In [37]:
import pandas as pd
import numpy as np

albums_file = './data/spotify_albums.csv'
artists_file = './data/spotify_artists.csv'
tracks_file = './data/spotify_tracks.csv'

albums = pd.read_csv(albums_file, header=0)
artists = pd.read_csv(artists_file, header=0)
tracks = pd.read_csv(tracks_file, header=0)

In [None]:
#print(df.head()) will print the first 5 rows of the dataframe. This allows us to see a preview of the kind of data we are working with, and what we can expect for the values.
print(albums.head())

#print(df.tail()) will print the last 5 rows of the dataframe. We can compare this data to the df.head() to see if the data changes significantly through the dataframe.
print(albums.tail())

#print(df.shape) will print the (number of rows, number of columns). This gives us an indication of the amount of data we are working with.
print(albums.shape)

In [None]:
print(artists.head())
print(artists.tail())
print(artists.shape)

print(tracks.head())
print(tracks.tail())
print(tracks.shape)

In [None]:
print(albums.loc[10:20, ['name', 'release_date']])

In [41]:
albums.drop_duplicates(keep='first', subset='id', inplace = True)
artists.drop_duplicates(keep='first', subset= 'id', inplace = True)
tracks.drop_duplicates(keep='first', subset='id', inplace = True)

In [42]:
#Map function to replace blank values in 'generes' with NaN.
def map_genre (value):
    if value =='[]':
        return np.NaN
    else:
        return value

artists['genres']= artists.genres.map(map_genre)

In [None]:
print(tracks.columns)

tracks_rem = tracks.drop('lyrics', axis=1, errors='ignore')

#'lyrics' has been removed from df tracks. A new variable has been assigned in order to show change. 
print(tracks_rem.columns)

In [None]:
'''
Left outer join is being performed to ensure that artist info stays in the df even if they do not have a correlating album.
I chose to keep this data as the analysis questions are primarily regarding artists, and I didn't want to eliminate artists 
from that analysis if they did not have a corresponding album
'''
artists_albums = pd.merge(artists, albums, how='left', left_on='id', right_on='artist_id')
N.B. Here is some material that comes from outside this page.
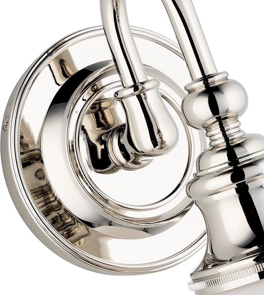 The alluring shape of vintage lighting is a complement to its meticulous fabrication. Sutton''s tube-shaped arms and opal glass shades draw on the strong, yet graceful Style of gas-lit originals.IlluminationBulb Type: E26 Medium Base - A19 Bulb# of bulbs: 1Max Wattage/bulb: 100Bulb(s) Included: NoStyleFinish: Polished NickelCollection: SuttonWire/Cord Length: 6"Material: MetalAdditional InfoVoltage: 120Weight: 3 lbs.Lighting fixture is rated for Damp Location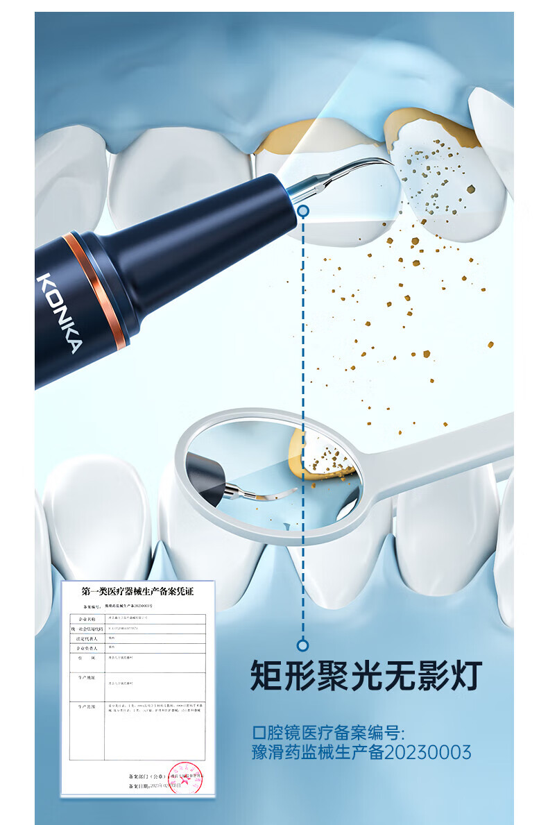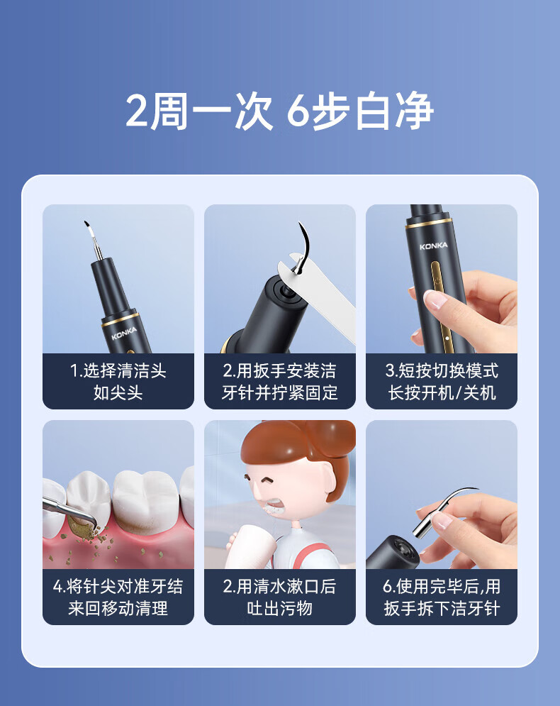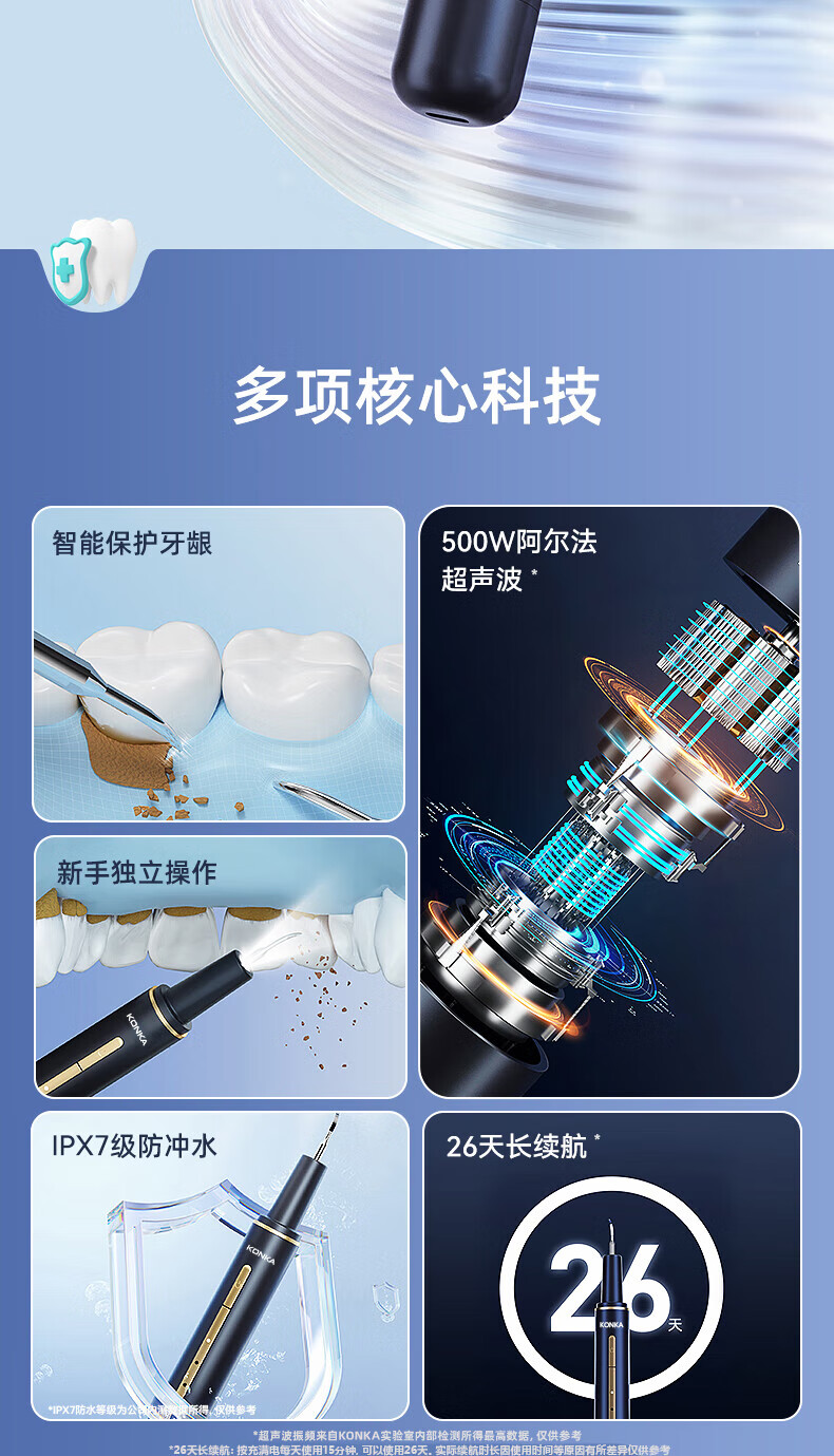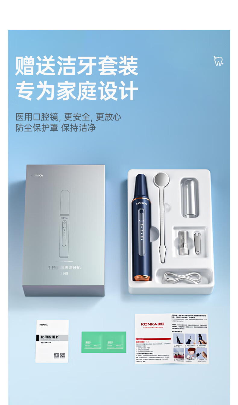 KONKA Ultrasonic Teeth Cleaner Teeth Cleaner Calculus Remover Cleans Teeth and Removes Yellow Teeth Calculus Cleaner Medical Gift Flagship Model - Galaxy Blue True Ultrasonic + Full Set of Teeth Cleaning Tools

print(artists_albums.head())
artists_albums.shape

In [None]:
#Inner join is performed to eliminate unnecessary data, such as albums with no tracks. 
albums_tracks = pd.merge(albums, tracks, how='inner', left_on='id', right_on='album_id')

print(albums_tracks.head())
albums_tracks.shape

In [None]:
#Clean data for ease of use, rename columns after merge and drop extra index columns.
artists_albums.rename(columns={'name_x':'artist_name', 'name_y':'album_name', 'id_x':'artist_id', 'id_y':'album_id'}, inplace=True)
artists_albums.drop(['Unnamed: 0_x','Unnamed: 0_y'], axis=1, inplace=True)

In [None]:
from pandas_profiling import ProfileReport

#This report gives us a lot of information about the data set. The artists that appear most in the data set are Various Artists, Johann Sebastian Bach, Frederic Chopin, David Guetta and Wolgang Amadeus Mozart.
artist_profile = ProfileReport(artists_albums, title="Artists Profiling Report")
artist_profile.to_notebook_iframe()

In [94]:
#Print top ten artist by artist popularity
top_ten = artists_albums.sort_values(by= 'artist_popularity', ascending= False).artist_name.unique()

print(top_ten[0:10])

['Ariana Grande' 'Drake' 'Post Malone' 'Khalid' 'Ozuna' 'Juice WRLD'
 'XXXTENTACION' 'Bad Bunny' 'Anuel Aa' 'Travis Scott']